It wasn't long before tenants were found for the shops :
52 High Road - as soon as this shop became available in 1933, Colin Stevenson Holdich, whose drapery and ladieswear business was the existing neighbour at number 48, lost no time in taking up a lease so that he could expand his business 55. From then on, the shop sometimes took the number '50' and the pair
as '48/50' - reflecting the fact that in reality the shops were adjacent and that one too many numbers had been reserved for the open space when the renumbering was carried out in 1908. This was not always the case however, as their 1952 advertisement, which appears below, shows.
The story of Holditch's occupation of this shop follows that of 48 High Road (see below).
In recent times (2017), the shop has been occupied by Cardzone/Home&Fragrance which offers greeting cards, novelty gifts, etc.
54 High Road - in the early part of the 20th century, as shopping streets developed, a fair number of locally-based chains of speciality shops emerged. Rose & Co was an example of this - a local family which developed a local network of shoe shops. Born in Manchester in 1876, Charles Robert Rose arrived in Nottingham with his parents as a child 56.
His father, Robert, was a shoe maker who settled with his wife and family, first in Radford and later in New Basford where, by 1901, he was working as a self-employed shoe maker with Charles Robert as his assistant 57. Later that year, Charles Robert married Sarah Jane Pearson and they soon settled down at their home at 586 Mansfield Road, in the Sherwood
district of Beeston. Here, Charles set up his own shoe repairing business and the family were to remain here for the rest of their respective lives. In 1902, the couple's only child, Edith, was born 58.
By 1920 Charles had formed Rose & Company and begun to develop a network of shops. Beyond the Mansfield Road shop, his first outlet was in central Nottingham at 2 Shakespeare Street and, within two years he had enlarged the network with three more Nottingham shops at Wilford Road, Alfreton Road and Independant Street 59. This network had reached its peak
by the time war came in 1939 when there were about eight shops in the City and a number in the surrounding suburbs, with Beeston being one, Ilkeston and Bulwell identified as others - and there were probably more 60. It seems highly likely that the business involved Sarah, his wife, and their daughter Edith - who never married.
The Beeston shop (Shown right) opened in 1933 61 and remained a feature of the High Road until well into the 1960s. Sarah had died in 1945 and Charles followed in 1951 62, after which it is likely that Edith remained in charge.
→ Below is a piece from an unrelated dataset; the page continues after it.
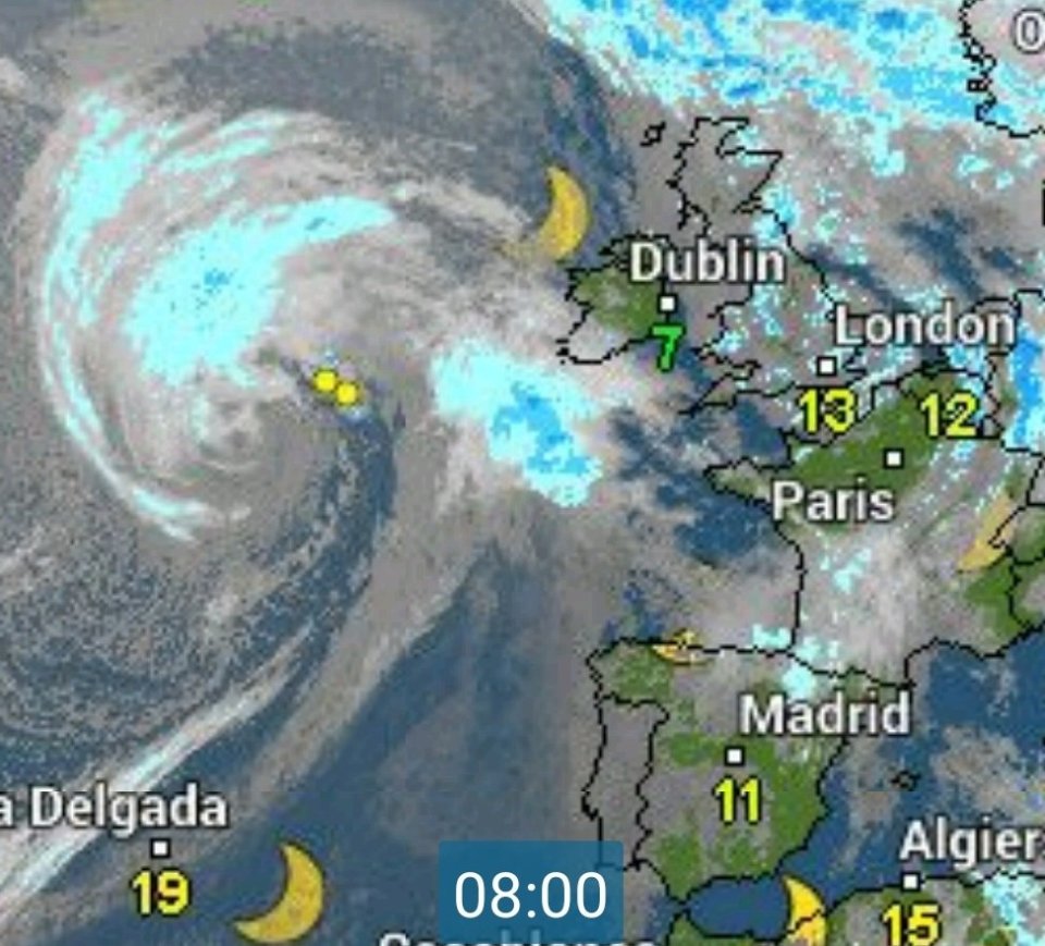 Ich bin kein Metrologe, aber das müssen die Auswirkungen dieses riesigen Wirbels sein, den wir auf dem Bild erkennen können. Dieses Tief hat ein Durchmesser von rd. 500 Kilometern.

But, with an increasingly difficult
retail show market and her own advancing age, it appears that the shops ceased trading around 1970. Edith died in 1982, still living in a flat at the rear of 586 Mansfield Road 63.
In recent times (2017), the shop has been occupied by Rainbows, in support of the Loughborough-based children's hospice.
56 High Road - soon after the building was completed, a branch of the Meadow Dairy Company was opened at this address. This national chain of dairy shops was founded in 1901 by George Beale, a butter merchant. Beale had married Newcastle born Elizabeth Potts in 1897. After opening his first shop in Newcastle, he began to develop branch shops, helped in the venture by the Potts family. By 1914, after taking over
several rival chains, he had about 200 shops throughout the north of England and Scotland. Further expansion into the Midlands and the south, assisted by more takeovers, took the number of the company's shops to 850 by 1927. In 1927, the company began sharing its provisioning and distribution with Lipton's and, after both merged with Home & Colonial Stores in 1929 and formed Allied Suppliers as a buyer for the whole group.
Group while retaining its individual identity and continuing to expand at the local level 64.
Some years earlier, certainly by 1925, Meadow Dairy had established a shop in Beeston at 3 Chilwell Road which traded in direct competition to the nearby well-established Maypole Dairy Company in Post Office Square at 11 High Road. In 1924, the Maypole Company had also been taken over by Home & Colonial. So it was, by the early 1930s, when Meadow Dairy moved from Chilwell Road to open
at 54 High Road 65, this reflected the fact that both companies, after its 1929 takeover by Home & Colonial, both it and Meadow Dairy now had shared ultimate ownership. Perhaps it was better business to divide their presence in Beeston rather than waste effort in head-to-head competition.
The shop continue to trade here under the Meadow Dairy name - albeit under Home & Colonial control and eventually offering a broader range of groceries - for over thirty years, reflecting the continuing success of the group generally. After the takeover of several competitors over the years, it eventually had over 3,000 branches and ranked as the 27th largest company in the UK. By the 1960s however,
competition from the growing number of self-service stores and supermarkets, concepts that the Group had been slow to embrace, had an increasingly depressing effect on profitability. In 1966, after rationisation which saw all the trading entities merged into Allied Stores Ltd and trading solely as 'MayPole', the Meadow Dairy name vanished from High Streets throughout the country 66.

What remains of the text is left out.